Saturday, March 25, 2017

I had a six pack - of water - that I drank at night and in the morning. Before the optional "sunrise prayer," I caught up a chapter of New Testament reading, aloud and standing in my retreat quarters, to help me wake up.

"Sunrise," scheduled from 6 to 7am, was a misnomer for a few reasons: (1) the sun rose after 7, (2) the sky was overcast and (3) the third floor widow's walk faced west-southwest. When I mounted the dizzying, spiral stairs to the third floor, the half dozen women sitting in near-darkness, their faces bathed in smart phone glow, made me question whether "prayer" was also a misnomer. As my eyes adjusted, I spotted the guest speaker in a Hilton Head sweatshirt with the hood pulled up. A humble posture for prayer but actually she was covering her bed head.

The woman who helped me locate the gathering did not herself remain more than five minutes. I didn't do much more than mumble some memorized prayers. In the next hour before breakfast, a few more of us congregated on the second floor to talk about how things were going. Many confessed to staying up too late last night and looking forward to a shower before breakfast.

Having been up already for three hours, I was eager for breakfast and entered the dining room while staff was still setting up. I did not take a seat immediately but as the hot food was brought out, I found a table with an available seat. I'm not in the habit of saying grace before or after meals unless I'm really, really hungry. But I'm ok with other people saying grace, either to themselves silently or aloud for me. One of the men in charge of the dining room said a blessing over a microphone as the food was served but too many people came in late and said their own. When a woman I knew joined our breakfast table, she bowed her head over her food for what seemed an inordinately long period of time. Much beyond "Bless us, O Lord, and these thy gifts ..." I wondered what else she prayed about.
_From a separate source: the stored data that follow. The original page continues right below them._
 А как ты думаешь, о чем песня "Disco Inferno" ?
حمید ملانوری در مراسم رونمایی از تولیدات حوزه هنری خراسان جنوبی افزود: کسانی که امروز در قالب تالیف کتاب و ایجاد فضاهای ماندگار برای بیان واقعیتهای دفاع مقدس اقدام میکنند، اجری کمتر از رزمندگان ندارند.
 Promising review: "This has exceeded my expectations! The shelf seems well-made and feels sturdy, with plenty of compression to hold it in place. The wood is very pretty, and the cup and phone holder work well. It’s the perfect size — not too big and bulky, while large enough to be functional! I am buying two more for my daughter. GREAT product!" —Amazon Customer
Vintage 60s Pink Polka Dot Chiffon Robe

Then I realized she was checking her phone in her lap.

I discovered that some of the women at the table work for the church. One talked through breakfast about the grant proposals she was writing for the church's food bank. She said that she directed money from the food bank to fund projects that no one wants to fund and now needs to replace the money through grants. She talked about paying someone's rent, for instance. This all struck me as very illegal. I wanted to follow up with her about that and maybe talk with someone else from the church.
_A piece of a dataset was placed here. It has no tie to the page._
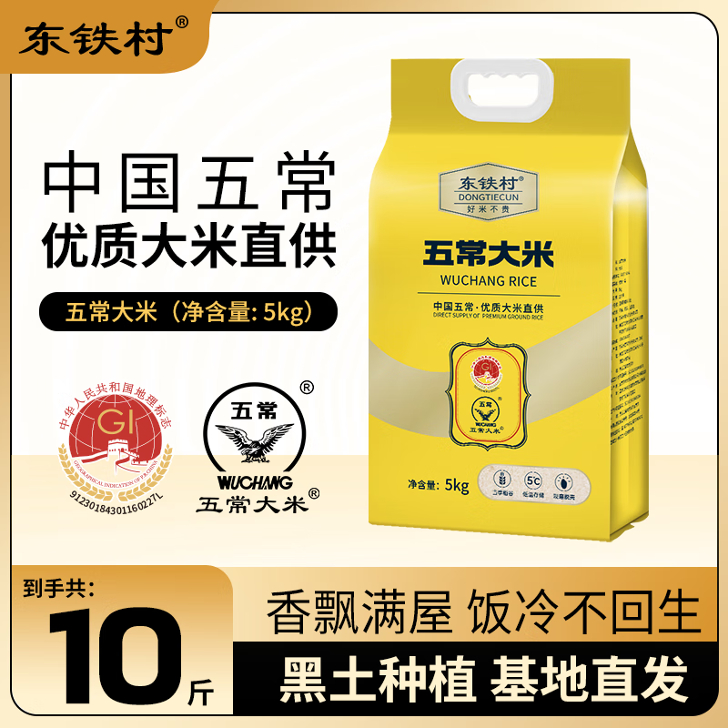 东铁村五常大米2025当季新米 寒地黑土种植 现磨现发 核心产区源头直发 10斤五常大米高端双层真空包装

The conversation turned to afternoon plans because, remarkably, the entire Saturday afternoon was wide-open, free time. This was very unexpected to me. At a Jesuit retreat house, for instance, Saturday is a busy day, the only full day of a weekend retreat and Saturday afternoon is especially packed with Stations of the Cross, a penance service, Saturday liturgy, anointing, eucharistic exposition and benediction, not to mention dinner with wine. I had a strong feeling that tonight's meal would not include wine.
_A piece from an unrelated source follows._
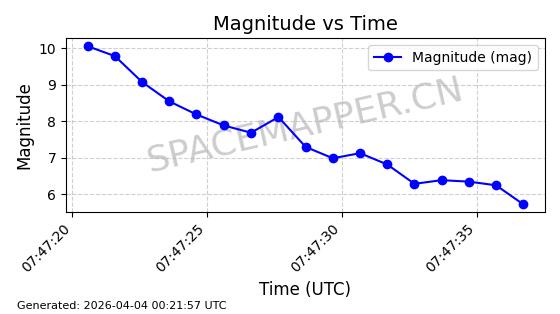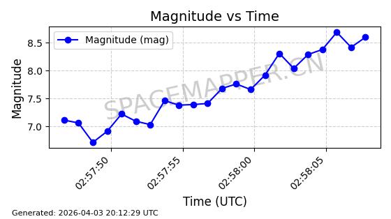 | STARLINK-1366 | 45569 | 45569 | 2020-04-22 同日期轨道 2020-025AQ 同批次轨道 | 在轨 | 91分钟 | 53.0383 | 322.096 | 327.344 | 0.0003914 | 2026-04-03 06:00:01 | ||

So, anyway, five and a half hours of unstructured time. Everyone said they were going to take a nap. I said I was driving down to the lighthouse and if it was open, I was going up. One woman asked to come with me so we agreed after lunch to meet up.

While everyone else sat in the morning's lecture, I walked the grounds:

Harvey Cedars Bible Conference

I walked to Loveladies.


I passed a Catholic retreat compound, Maris Stella.


I crossed Long Beach Island Boulevard and walked out onto the beach. It was really unbelievably perfect.


As I walked, I listened to a talk given Thursday night by someone I've known a long time.

The Harvey Cedars water tower was a great landmark for me to find my way back.